● **Exercise material**:

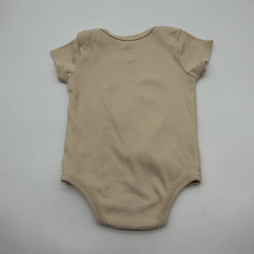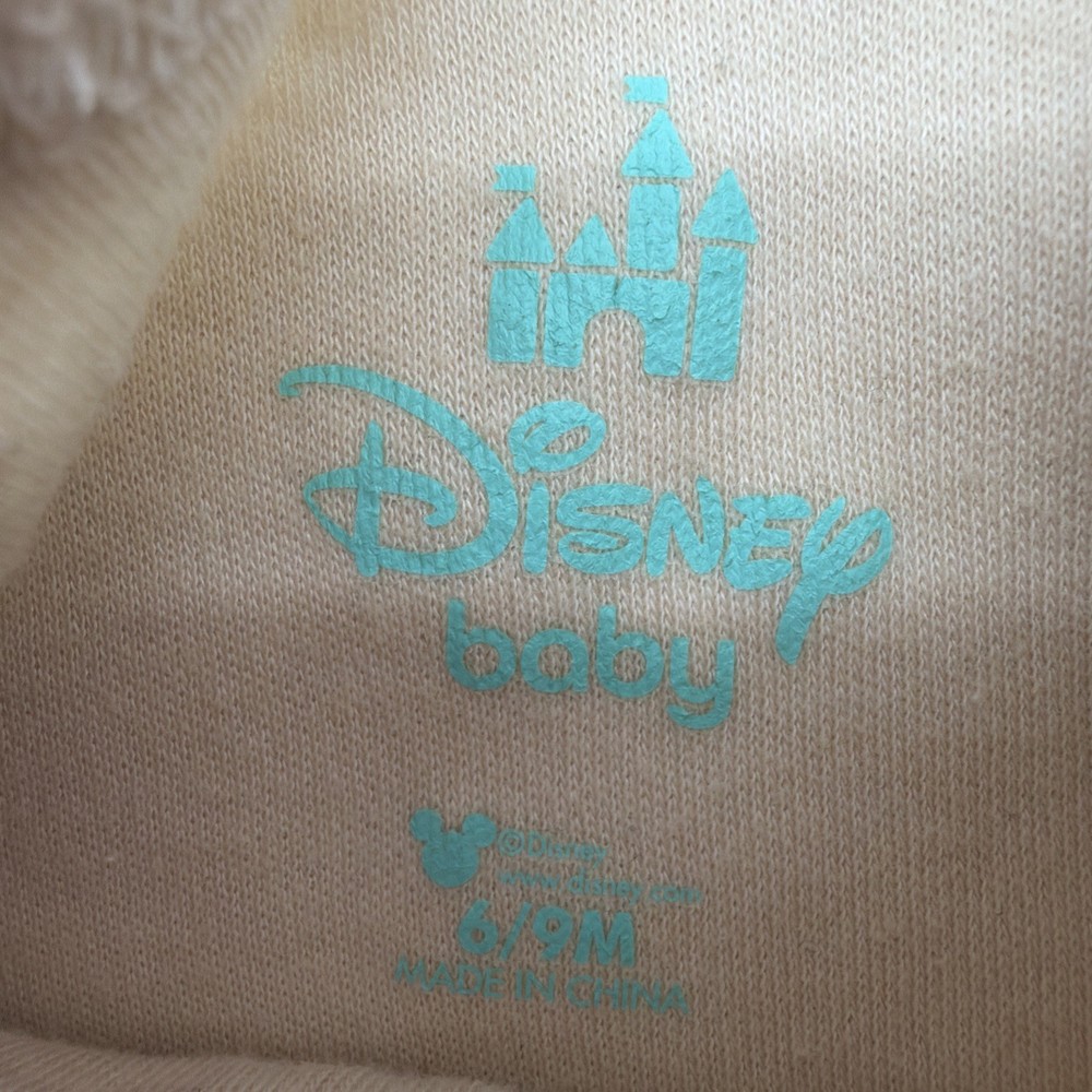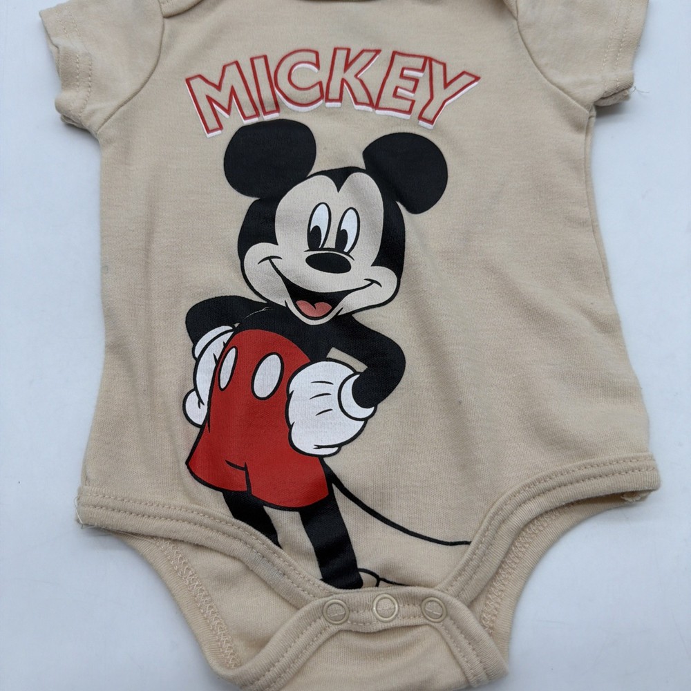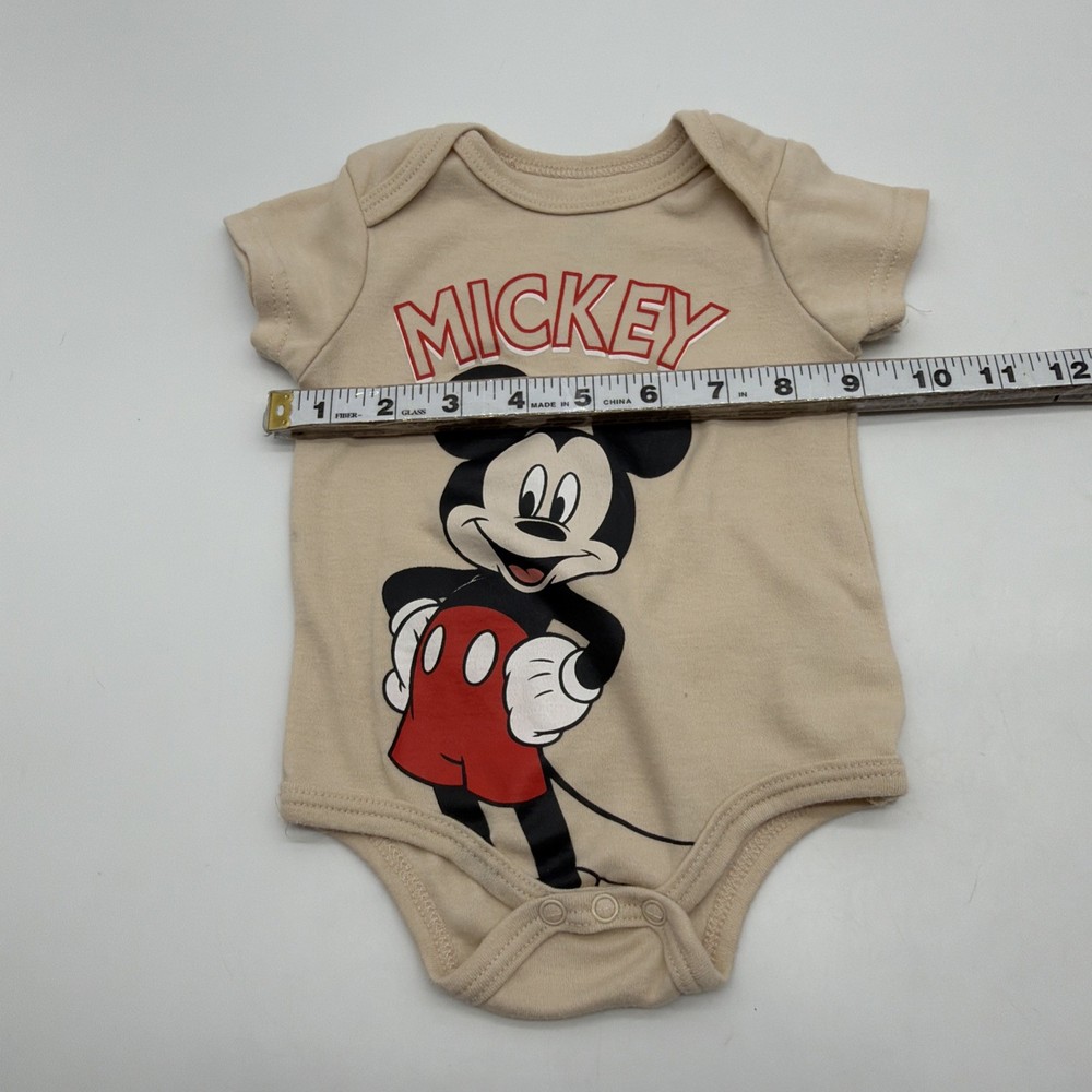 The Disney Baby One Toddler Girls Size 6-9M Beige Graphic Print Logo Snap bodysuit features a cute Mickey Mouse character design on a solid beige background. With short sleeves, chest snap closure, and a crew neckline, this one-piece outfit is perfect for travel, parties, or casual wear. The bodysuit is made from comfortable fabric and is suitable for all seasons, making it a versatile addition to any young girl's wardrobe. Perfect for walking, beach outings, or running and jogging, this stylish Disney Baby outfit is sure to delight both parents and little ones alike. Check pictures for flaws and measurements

...

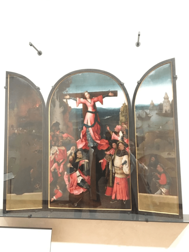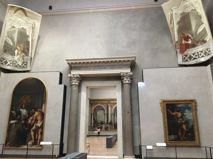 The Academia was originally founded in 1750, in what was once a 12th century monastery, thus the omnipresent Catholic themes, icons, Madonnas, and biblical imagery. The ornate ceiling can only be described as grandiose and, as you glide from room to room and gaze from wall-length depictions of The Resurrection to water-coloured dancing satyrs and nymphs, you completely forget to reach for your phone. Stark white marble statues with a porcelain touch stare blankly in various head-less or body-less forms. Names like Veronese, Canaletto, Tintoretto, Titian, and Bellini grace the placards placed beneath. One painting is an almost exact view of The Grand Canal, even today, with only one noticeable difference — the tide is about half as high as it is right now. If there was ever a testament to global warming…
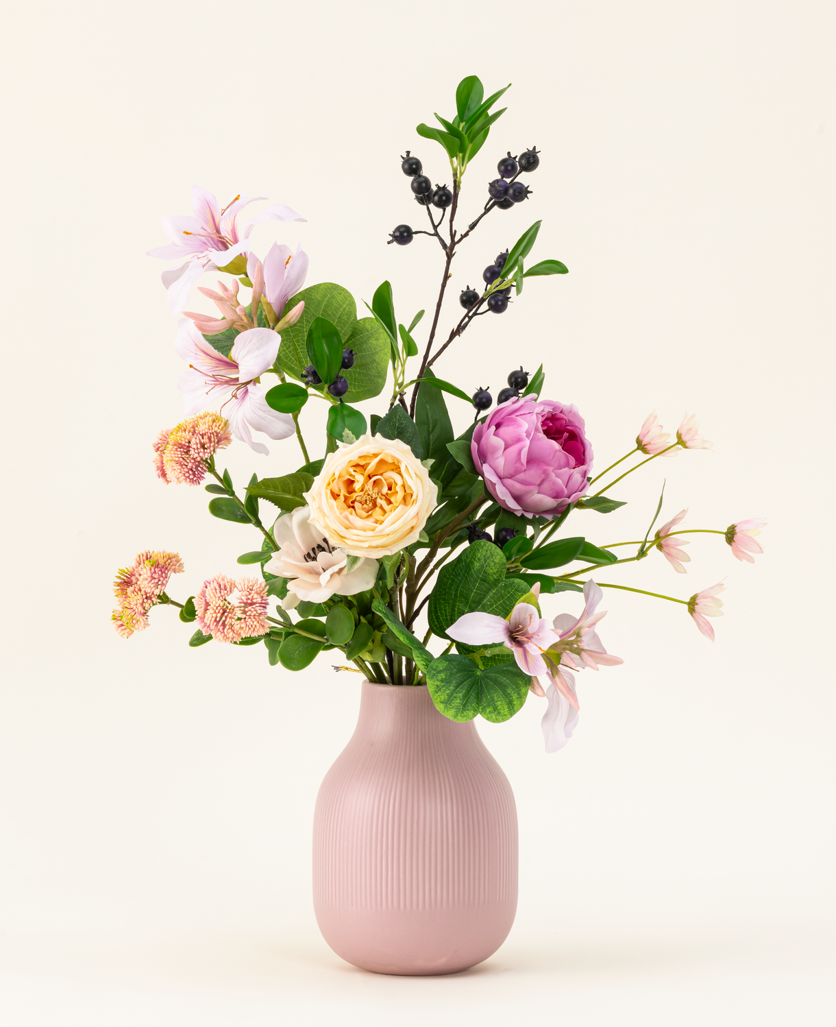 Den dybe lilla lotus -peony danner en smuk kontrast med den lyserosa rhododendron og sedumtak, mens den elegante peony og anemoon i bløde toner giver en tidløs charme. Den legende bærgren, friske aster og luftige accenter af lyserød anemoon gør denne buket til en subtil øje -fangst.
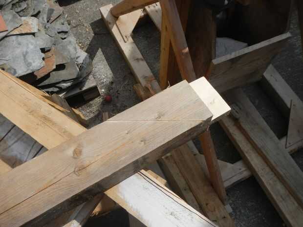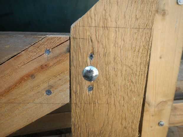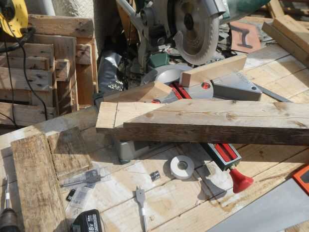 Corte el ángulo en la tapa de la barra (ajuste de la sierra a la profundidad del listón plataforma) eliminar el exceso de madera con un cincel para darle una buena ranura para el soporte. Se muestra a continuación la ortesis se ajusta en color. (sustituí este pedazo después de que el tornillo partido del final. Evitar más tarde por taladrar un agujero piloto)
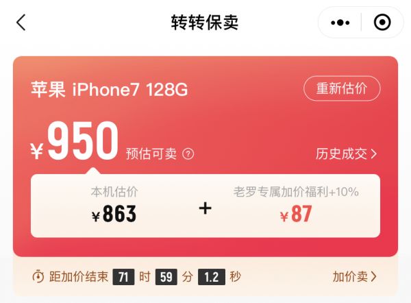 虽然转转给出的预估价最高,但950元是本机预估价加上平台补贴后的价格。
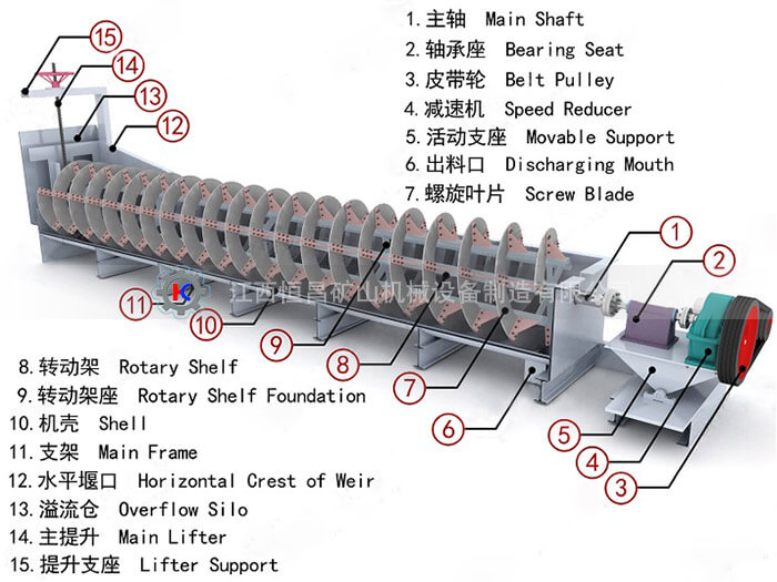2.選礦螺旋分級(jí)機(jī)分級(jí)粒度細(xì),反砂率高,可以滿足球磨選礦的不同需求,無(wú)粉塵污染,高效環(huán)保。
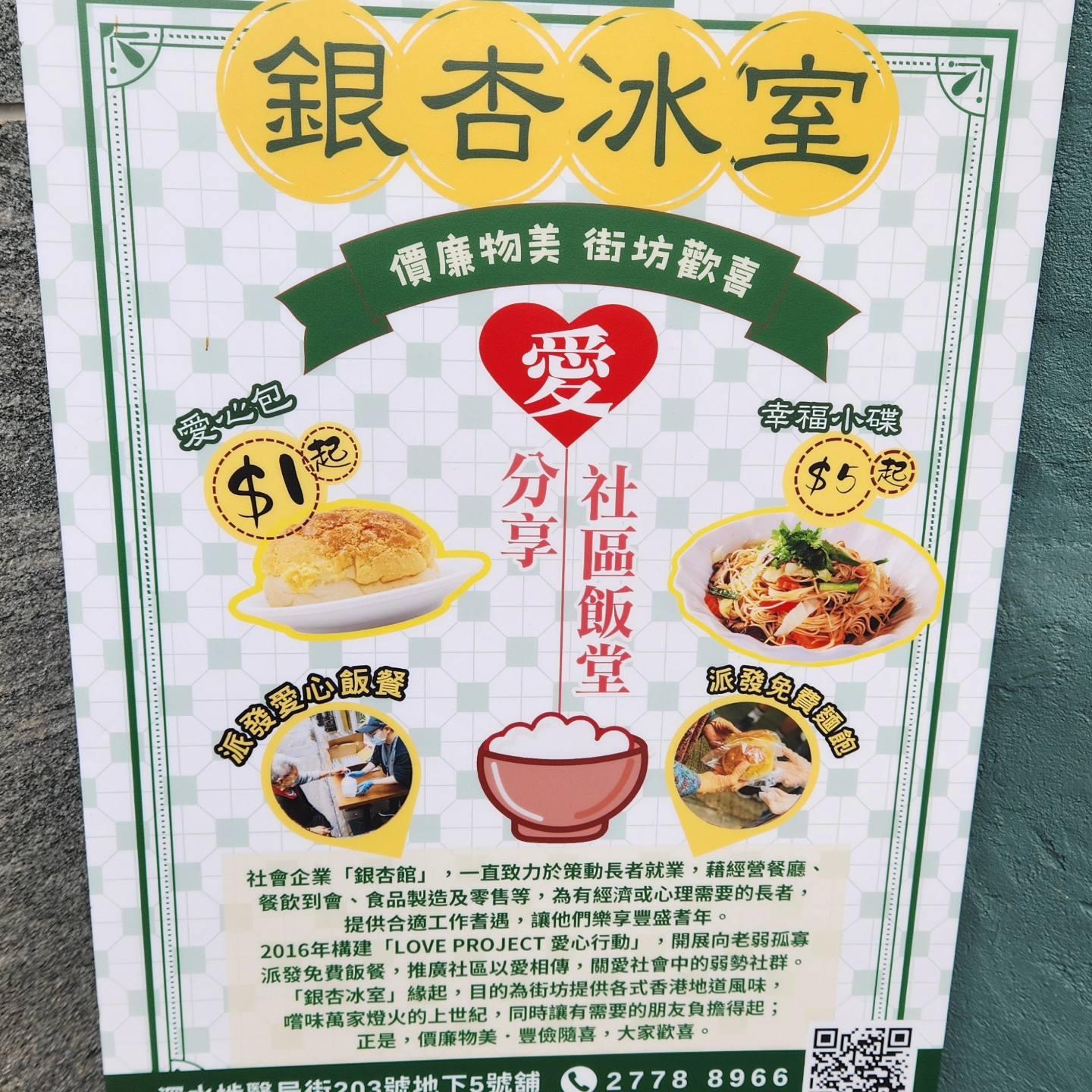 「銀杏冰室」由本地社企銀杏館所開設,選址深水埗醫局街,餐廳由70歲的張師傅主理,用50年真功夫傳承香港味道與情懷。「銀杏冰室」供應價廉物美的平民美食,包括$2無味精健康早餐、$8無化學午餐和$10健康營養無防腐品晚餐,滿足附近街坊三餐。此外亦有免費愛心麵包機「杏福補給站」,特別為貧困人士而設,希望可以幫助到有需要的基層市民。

● **Task details**: Reproduce, exactly and only, the lines of the records above starting at the line with "Den dybe lilla" and ending at the line with "Corte el ángulo", both included. Leave every picture out.

● **Output below**:
 Den dybe lilla lotus -peony danner en smuk kontrast med den lyserosa rhododendron og sedumtak, mens den elegante peony og anemoon i bløde toner giver en tidløs charme. Den legende bærgren, friske aster og luftige accenter af lyserød anemoon gør denne buket til en subtil øje -fangst.
 Corte el ángulo en la tapa de la barra (ajuste de la sierra a la profundidad del listón plataforma) eliminar el exceso de madera con un cincel para darle una buena ranura para el soporte. Se muestra a continuación la ortesis se ajusta en color. (sustituí este pedazo después de que el tornillo partido del final. Evitar más tarde por taladrar un agujero piloto)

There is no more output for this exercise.